Study material =>
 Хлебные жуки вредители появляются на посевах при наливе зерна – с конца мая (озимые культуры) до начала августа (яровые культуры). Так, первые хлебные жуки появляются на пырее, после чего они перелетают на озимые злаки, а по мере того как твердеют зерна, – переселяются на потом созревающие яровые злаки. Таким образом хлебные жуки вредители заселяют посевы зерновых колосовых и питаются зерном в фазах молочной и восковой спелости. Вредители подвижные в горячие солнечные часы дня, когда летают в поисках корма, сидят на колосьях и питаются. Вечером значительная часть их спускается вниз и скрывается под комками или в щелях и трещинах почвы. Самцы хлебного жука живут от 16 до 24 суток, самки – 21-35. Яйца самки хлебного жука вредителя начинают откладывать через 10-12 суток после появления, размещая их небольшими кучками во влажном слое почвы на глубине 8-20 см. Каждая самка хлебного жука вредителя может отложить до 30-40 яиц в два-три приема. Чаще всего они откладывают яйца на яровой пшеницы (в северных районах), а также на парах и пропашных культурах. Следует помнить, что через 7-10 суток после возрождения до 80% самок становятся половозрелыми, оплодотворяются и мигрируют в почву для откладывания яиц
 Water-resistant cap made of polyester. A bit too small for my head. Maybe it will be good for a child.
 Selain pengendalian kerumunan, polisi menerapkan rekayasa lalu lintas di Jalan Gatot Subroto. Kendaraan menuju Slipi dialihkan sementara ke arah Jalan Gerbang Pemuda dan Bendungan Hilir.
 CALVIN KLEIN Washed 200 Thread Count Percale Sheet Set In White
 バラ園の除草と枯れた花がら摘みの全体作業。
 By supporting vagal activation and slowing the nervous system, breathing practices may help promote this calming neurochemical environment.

What this task involves => Please transcribe the data shown above in full, exactly as it stands.

Task answer =>
 Хлебные жуки вредители появляются на посевах при наливе зерна – с конца мая (озимые культуры) до начала августа (яровые культуры). Так, первые хлебные жуки появляются на пырее, после чего они перелетают на озимые злаки, а по мере того как твердеют зерна, – переселяются на потом созревающие яровые злаки. Таким образом хлебные жуки вредители заселяют посевы зерновых колосовых и питаются зерном в фазах молочной и восковой спелости. Вредители подвижные в горячие солнечные часы дня, когда летают в поисках корма, сидят на колосьях и питаются. Вечером значительная часть их спускается вниз и скрывается под комками или в щелях и трещинах почвы. Самцы хлебного жука живут от 16 до 24 суток, самки – 21-35. Яйца самки хлебного жука вредителя начинают откладывать через 10-12 суток после появления, размещая их небольшими кучками во влажном слое почвы на глубине 8-20 см. Каждая самка хлебного жука вредителя может отложить до 30-40 яиц в два-три приема. Чаще всего они откладывают яйца на яровой пшеницы (в северных районах), а также на парах и пропашных культурах. Следует помнить, что через 7-10 суток после возрождения до 80% самок становятся половозрелыми, оплодотворяются и мигрируют в почву для откладывания яиц
 Water-resistant cap made of polyester. A bit too small for my head. Maybe it will be good for a child.
 Selain pengendalian kerumunan, polisi menerapkan rekayasa lalu lintas di Jalan Gatot Subroto. Kendaraan menuju Slipi dialihkan sementara ke arah Jalan Gerbang Pemuda dan Bendungan Hilir.
 CALVIN KLEIN Washed 200 Thread Count Percale Sheet Set In White
 バラ園の除草と枯れた花がら摘みの全体作業。
 By supporting vagal activation and slowing the nervous system, breathing practices may help promote this calming neurochemical environment.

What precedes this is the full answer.